INCREASE RESOURCES FOR
EDUCATION AND SUPPORT
Demand 2A - Expand educational programming and training
Demand 2B - Hire DEI officers for departmental accountability
Demand 2C - Provide Institute-wide support for anti-oppressive research and labor
Demand 2A - Expand educational programming and training
As we work to increase the diversity of our community through reforms to admissions and hiring, it is imperative that we create an environment at MIT that actively supports URMs and women. In-person training of all students, staff, and faculty on implicit bias and harassment represents an essential step in moving toward an inclusive culture, as training provides a platform for establishing shared behavioral expectations. In order to roll out implicit bias and harassment training, MIT must hire more education specialists in the ICEO, IDHR, and VPR offices; the work required to train the entire campus vastly exceeds the present capacity of these offices, as MIT only currently employs two education specialists among these offices.
Demand 2B - Hire DEI officers for departmental accountability
Each department at MIT has unique culture and climate issues that can lead to inferior environments for students with marginalized identities. The inclusion of graduate diversity officers at the department level is one way to counter such a phenomena. We have seen many universities take this approach and improve attrition rates among marginalized students, and MIT must follow suit. Additionally, this position will report to the ICEO to ensure departmental accountability toward internal goals. By cultivating personal relationships with students and understanding the nuances of their departments, graduate diversity officers will develop local climates that broadly foster diversity and equity.

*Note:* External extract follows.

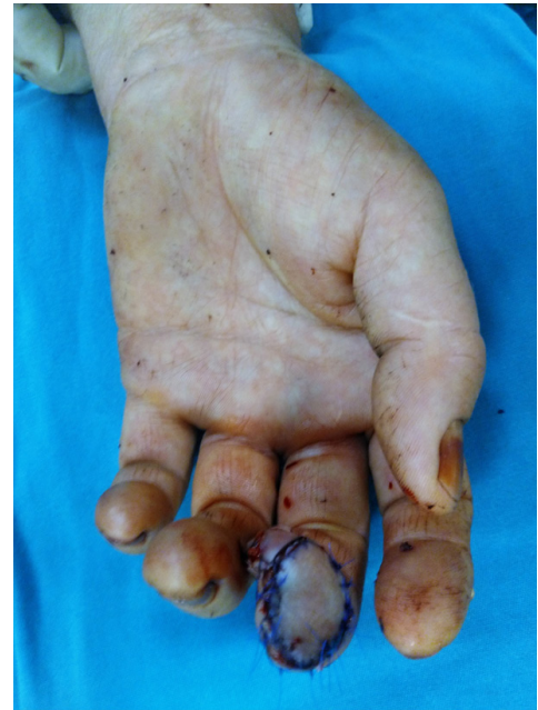
Figure 2e. Immediate postoperative view of the flap is seen. Flap pedicle is not tunneled but rather skin grafted to avoid any compression

stage surgery. However, the main disadvantages are the high risk of venous congestion in the early period, the tiny caliber of the perforator, the risk of kinking, twisting or compression when rotated as propeller. Nonetheless, DAPF is not only quite susceptible to the patient's metabolic status (dehydration, hypotension, etc.), medications, smoking habitus and/or similar substance abuse but also contraindicated in patients who have vasospastic disorders like Raynaud,

Demand 2C - Provide Institute-wide support for anti-oppressive research and labor
The present national climate has highlighted systemic and pervasive barriers that disproportionately affect marginalized communities. While MIT has a rich history of success in STEM fields, it must commit greater resources to anti-oppression scholarship. We call on the Institute to invest additional funds towards anti-oppressive research in the form of annual seed grants. Furthermore, the Institute must support the individuals who push MIT’s climate in the direction of diversity and inclusion: graduate students. Many MIT initiatives to foster equitable environments are led by students. We call on MIT to create department-level, partial fellowships to fund graduate students engaged in this critical work.